Spako, with 'Im Lost'...








... and the runner up was Apex with 'The Road To Enlightenment' 







Gratzola :thumbup:


----------



## invisible (Aug 4, 2008)

Congrats spako!! Your work is really inspirational and I always look forward to your posts. 

Alex's image is a great runner up.


----------



## PushingTin (Aug 5, 2008)

congratulations


----------



## Apex (Aug 7, 2008)

Holy crap, runner up? Not expecting it at all lmao, thanks guys.

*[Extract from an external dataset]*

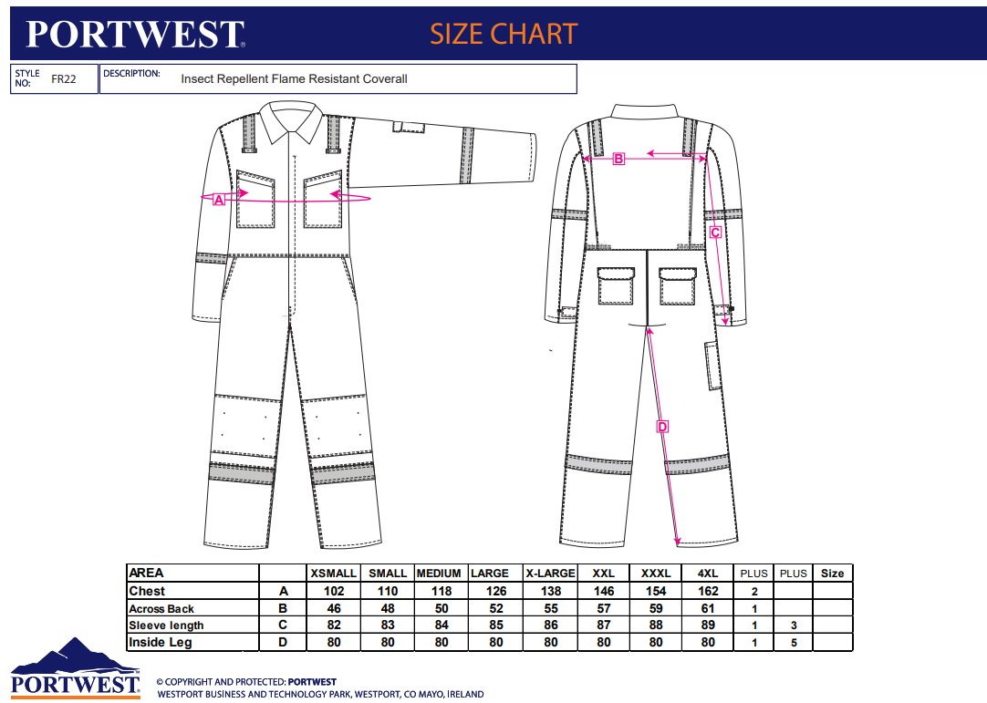 Datasheet - https://documents.portwest.com/datasheet.php?style=FR22&lang=GB&itemcol=FR22NAR&facility=902

And to Spako, definately deserving of first.  Its a great photograph.


----------



## dumbstruckk (Aug 8, 2008)

wow! lovely pictures!


----------



## doenoe (Aug 8, 2008)

congrats guys, great pics :thumbup:


----------



## Roger (Aug 8, 2008)

deserving wins, well done.


----------



## icassell (Aug 8, 2008)

Way cool! Congrats to you! Both well deserved!


----------



## Jleda (Aug 8, 2008)

Wow... BEAUTIFUL picture! And great runner-up!


----------



## wchua24 (Aug 12, 2008)

wow i would really practice hard to perfect that kind of shot? what lense did you use?


----------



## photo28 (Aug 19, 2008)

congrats to both of you, both pics are amazing and creative.


----------



## Gabby (Aug 30, 2008)

very nice photo...Very impressive!i like to see more of your photos...


----------



## clee27 (Aug 30, 2008)

Congratulations!!!! So what do you guys win? Hhahahahahha <3


----------



## spako (Sep 2, 2008)

Oh ... ) great! thanks for voting for my shot  I really appreciate ))


----------